Measuring the temperature of a given environment is very important, because, through this parameter, it is possible to control various processes such as industrial ones, those related to incubators, processes for refrigerating small devices or large systems, and also in Central Processing Units (CPU) of computers, among other applications.

In addition to these applications, the appropriately configured temperature sensor can be used to activate other devices, when the ambient temperature is above or below a predetermined value, for example, the air conditioners act more intensely when the temperature of an environment is above the set value, causing more heat to be removed from the environment until it reaches the set temperature.

Thus, a similar application was developed in the case of the Didactic Thermometer using the LM35 temperature sensor, as shown in Figure 1.

Figure 1 - Didactic Thermometer Case Using the LM35 Sensor.

With the development of this Didactic Thermometer case, you will learn both how to assemble the basic circuit using the Arduino as in previous projects, and how to program it.

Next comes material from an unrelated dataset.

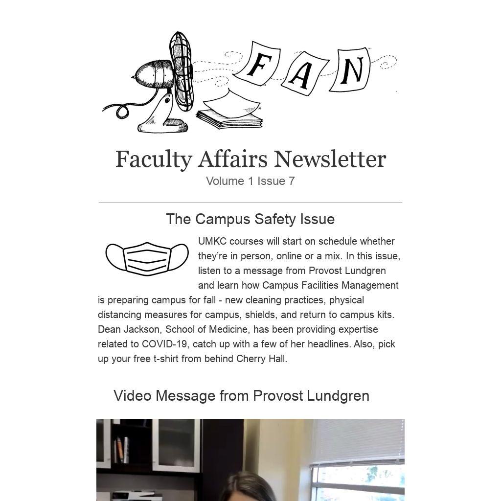 UMKC courses will start on schedule whether they’re in person, online or a mix. In this issue, listen to a message from Provost Lundgren and learn how Campus Facilities Management is preparing campus for fall - new cleaning practices, physical distancing measures for campus, shields, and return to campus kits. Dean Jackson, School of Medicine, has been providing expertise related to COVID-19, catch up with a few of her headlines. Also, pick up your free t-shirt from behind Cherry Hall.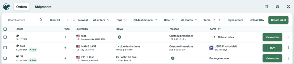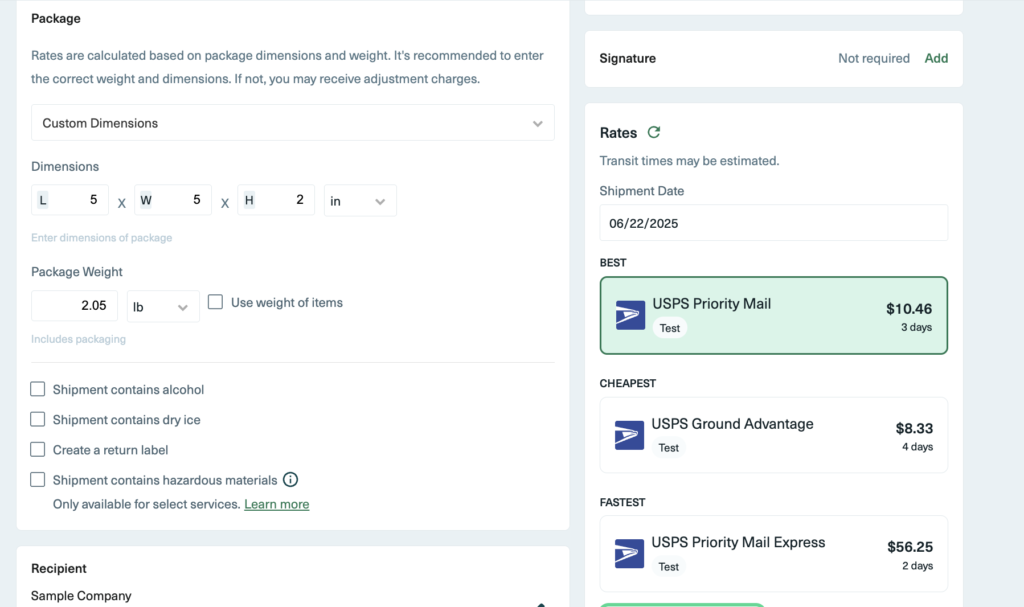 - Input the package dimension/weight in the Shippo dashboard to see if shipping rates are returned for USPS Priority Mail (or the service you’re testing).

The Didactic Thermometer implemented has a simple structure, with the LCD display (Liquid Crystal Display), the LM35 temperature sensor, 3 green Led's, 3 yellow Led's, 3 red LEDs and a Buzzer.

The LM35 temperature sensor detects the ambient temperature, and transmits the value to the Arduino, which is responsible for processing the signal, and then activating the corresponding LEDs in the Buzzer according to the temperature range configured in the program.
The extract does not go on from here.